Golf club in Palm Beach Gardens, Florida

Old Palm Golf Club is a 650 acre private residential golf community with an equity club located in Palm Beach Gardens, Florida, United States. The community was founded in 2004 by WCI, but in September 2010 was purchased by real estate investment group Clarion Partners.

Old Palm Golf Club adheres to the vision of John D. MacArthur, whose original plan for Palm Beach Gardens was to create a "garden city", with streets lined with flowers and trees.

==Geographical area==
The subdivision is bordered on the south by PGA Boulevard, on the east by Central Boulevard, and on the west by Florida's Turnpike.

==Golf course==
The 7401 yd golf course at Old Palm Golf Club was originally designed by Raymond Floyd.
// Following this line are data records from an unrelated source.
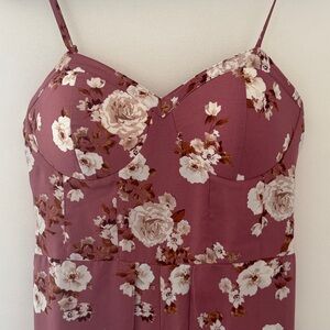 Floral Print Sleeveless Sweetheart Neck Bra Cup Jumpsuit
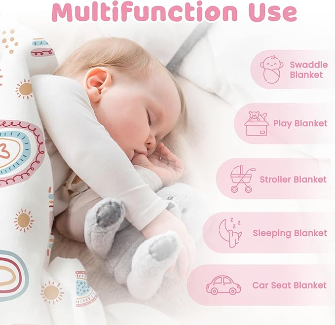 - Comfortable material: the baby blanket is light, ensuring your little one stay comfortable all year round; one side features a smooth surface while the other is 3D dotted
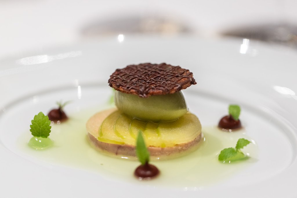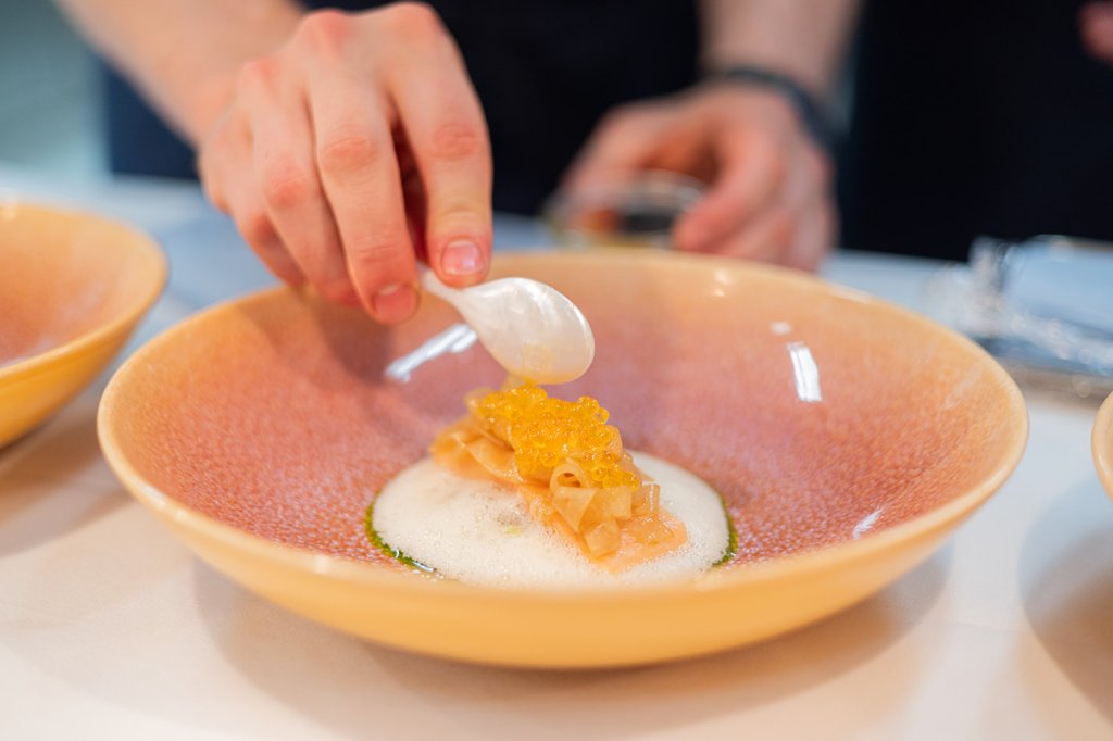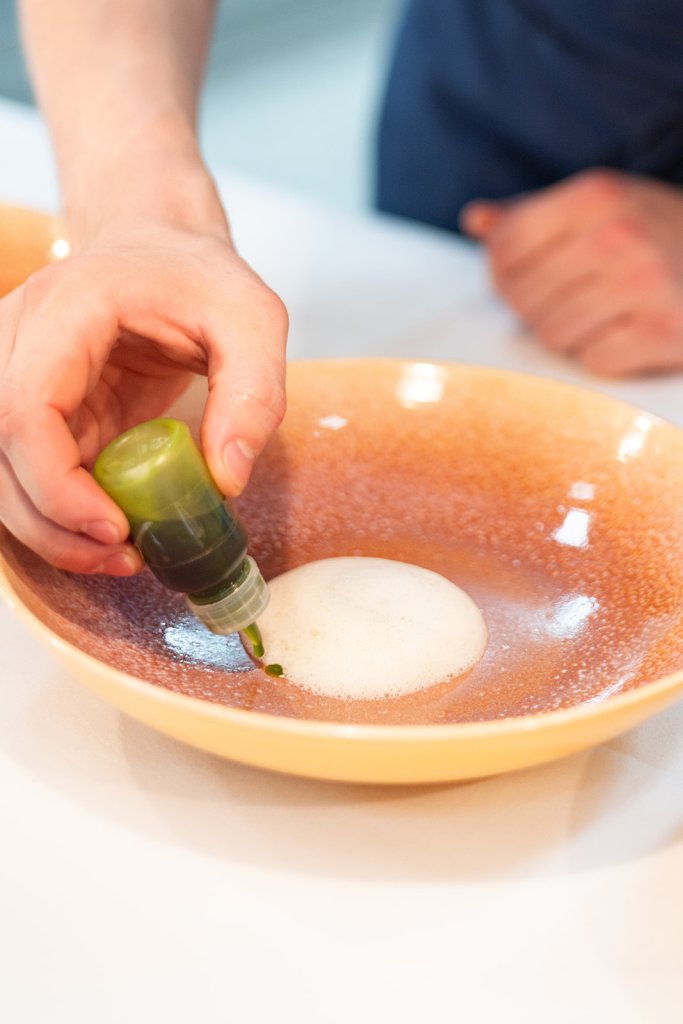 Das eigentliche Menü beginnt mit Gänseleber mit grünem Apfel und an Match, Zitronenverbene und & Alpaco Schokolade. Weiter geht es mit Sicher Saibling und seinem Kaviar. Hübsch angerichtet mit Kohlrabi, Haselnuss, Dill und Sauerklee, wurde der Fisch unter der Wärmebrücke am Pass zwölf Minuten schonend gegart. „Dadurch zieht er ganz langsam durch“, erklärt uns Reiser. Den Sud fangen wir mit einem Gourmetlöffel auf. Köstlich!
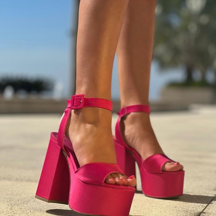 A sandália plataforma Poli, toda em cetim rosa é a combinação perfeita entre sofisticação e modernidade.
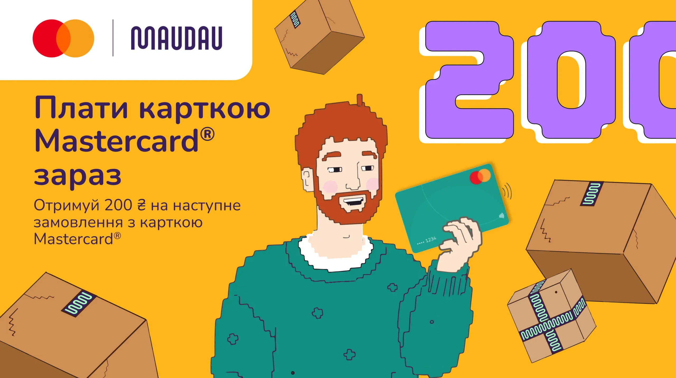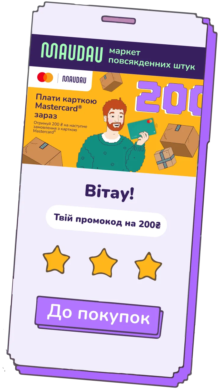 Промокод надає знижку 200 грн на наступне замовлення при оплаті карткою Mastercard® від 1500 грн (до оплати з урахуванням всіх акцій та промокодів)
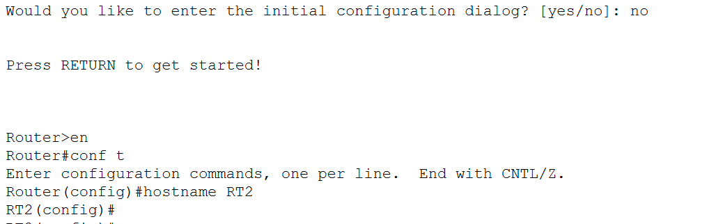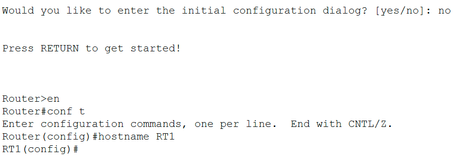 - 输入如图所示,no -> en -> conf t -> hostname RT1

The course is composed of an 18-hole par-72 golf course, a 19th "bye" hole and three full-length practice holes.

In 2007, Old Palm Golf Club was awarded the "Gold Signature Sanctuary" certification by the Audubon International Society. Close to 98% of irrigation water at Old Palm is reclaimed.

== Golf ==
It is home to the 33 acre Old Palm Golf Studio under the Director of Golf, Bud Taylor. In 1995, Taylor was elected to the PGA of America and is a PGA Certified Master Professional. In 2001 he was the recipient of Golfweek magazine's "Top 40 under 40" award.

Mark Hackett who serves as the Director of Instruction at Old Palm was honored by Golf Magazine as one of the Top 100 golf teachers in the country.

==Notable residents==
- Raymond Floyd – The four-time major golf champion calls Old Palm Golf Club home.
- Louis Oosthuizen – The South African golfer and 2010 Open Championship winner, has a home at Old Palm overlooking the third hole.
- Charl Schwartzel – The South African golfer and winner of the 2011 Masters, owns a home in Old Palm overlooking the 14th fairway.
- Lee Westwood – The English golfer who has won 39 tournaments around the world and posted five top-three finishes in majors, bought property on the par-four 14th hole.

==Country club==
Raymond Floyd's late wife, Maria Floyd, worked closely with interior designers Scott Snyder and Anthony Minichetti to create a distinct sense of place, with décor inspired by early-1900s architect Addison Mizner, the designer of Boca Raton and Palm Beach's Worth Avenue. The clubhouse is elegant yet comfortable and is built with organic construction materials, adorned with cypress ceilings and limestone flooring.

==Average home prices==
Home prices vary, but range from $3.2 million to over $25 million.